Work to complete: Could you output exactly the lines running from the one containing "美的605L十字对开门冰箱到手价3711元" to the final line of the listing below, leaving out pictures?

Data shown:
*** Block opens ***

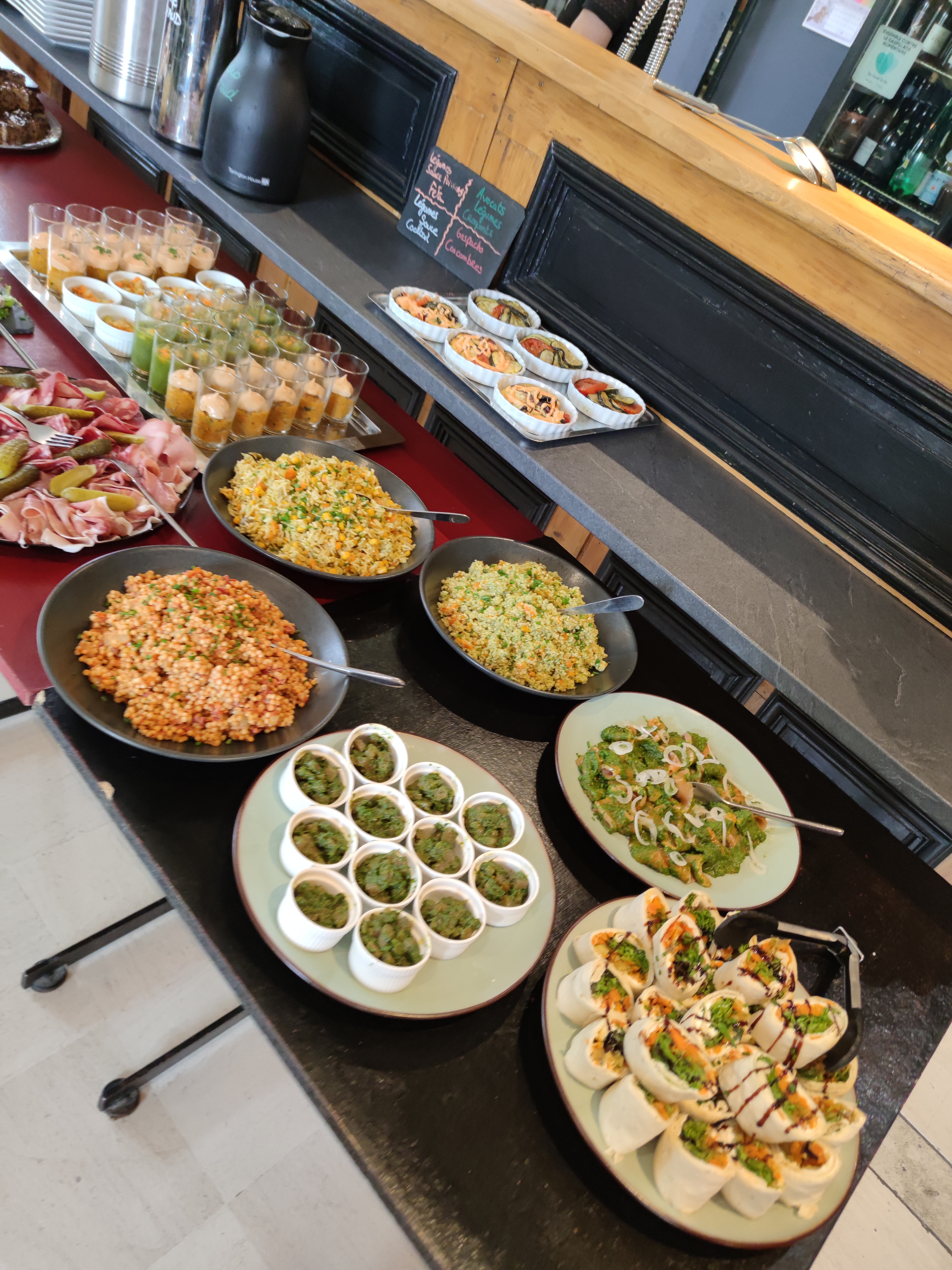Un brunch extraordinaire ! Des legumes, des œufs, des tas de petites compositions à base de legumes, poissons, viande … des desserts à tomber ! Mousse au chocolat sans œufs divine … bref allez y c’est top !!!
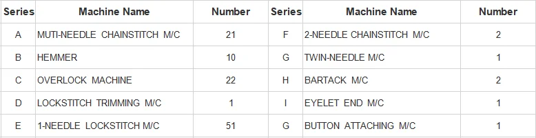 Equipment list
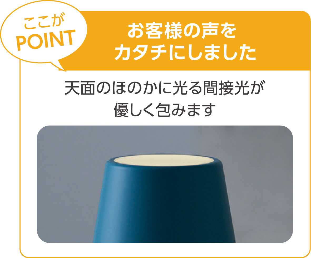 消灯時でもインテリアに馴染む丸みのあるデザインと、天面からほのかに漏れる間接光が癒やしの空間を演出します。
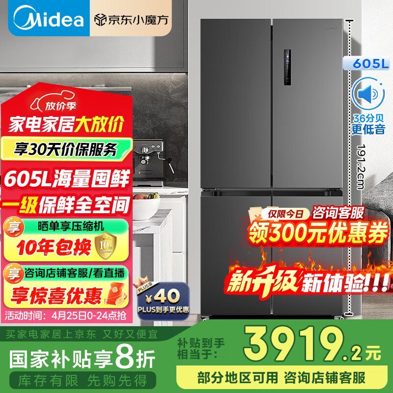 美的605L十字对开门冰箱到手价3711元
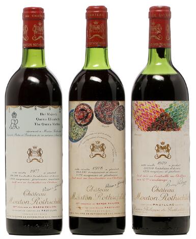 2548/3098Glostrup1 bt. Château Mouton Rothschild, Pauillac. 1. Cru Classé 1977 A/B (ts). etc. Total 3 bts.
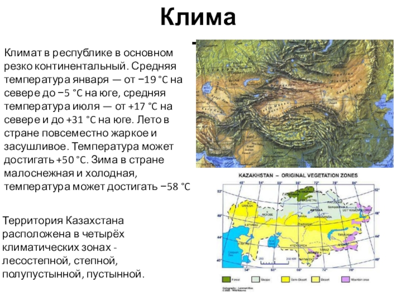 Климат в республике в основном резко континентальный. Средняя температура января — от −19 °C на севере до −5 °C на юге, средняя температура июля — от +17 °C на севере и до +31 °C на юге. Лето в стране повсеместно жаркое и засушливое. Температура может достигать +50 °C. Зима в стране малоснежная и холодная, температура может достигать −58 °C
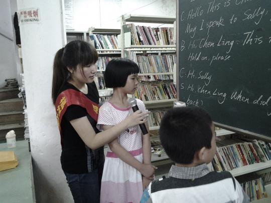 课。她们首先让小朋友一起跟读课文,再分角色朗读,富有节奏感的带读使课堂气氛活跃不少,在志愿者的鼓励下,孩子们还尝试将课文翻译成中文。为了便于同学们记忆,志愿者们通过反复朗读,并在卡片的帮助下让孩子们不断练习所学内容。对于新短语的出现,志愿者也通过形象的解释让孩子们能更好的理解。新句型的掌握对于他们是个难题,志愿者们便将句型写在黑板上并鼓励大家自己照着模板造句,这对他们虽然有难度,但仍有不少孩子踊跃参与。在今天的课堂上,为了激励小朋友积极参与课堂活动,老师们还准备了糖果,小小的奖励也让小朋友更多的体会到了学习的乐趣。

*** Block closes ***

Answer to this exercise:
 美的605L十字对开门冰箱到手价3711元
 2548/3098Glostrup1 bt. Château Mouton Rothschild, Pauillac. 1. Cru Classé 1977 A/B (ts). etc. Total 3 bts.
 Климат в республике в основном резко континентальный. Средняя температура января — от −19 °C на севере до −5 °C на юге, средняя температура июля — от +17 °C на севере и до +31 °C на юге. Лето в стране повсеместно жаркое и засушливое. Температура может достигать +50 °C. Зима в стране малоснежная и холодная, температура может достигать −58 °C
 课。她们首先让小朋友一起跟读课文,再分角色朗读,富有节奏感的带读使课堂气氛活跃不少,在志愿者的鼓励下,孩子们还尝试将课文翻译成中文。为了便于同学们记忆,志愿者们通过反复朗读,并在卡片的帮助下让孩子们不断练习所学内容。对于新短语的出现,志愿者也通过形象的解释让孩子们能更好的理解。新句型的掌握对于他们是个难题,志愿者们便将句型写在黑板上并鼓励大家自己照着模板造句,这对他们虽然有难度,但仍有不少孩子踊跃参与。在今天的课堂上,为了激励小朋友积极参与课堂活动,老师们还准备了糖果,小小的奖励也让小朋友更多的体会到了学习的乐趣。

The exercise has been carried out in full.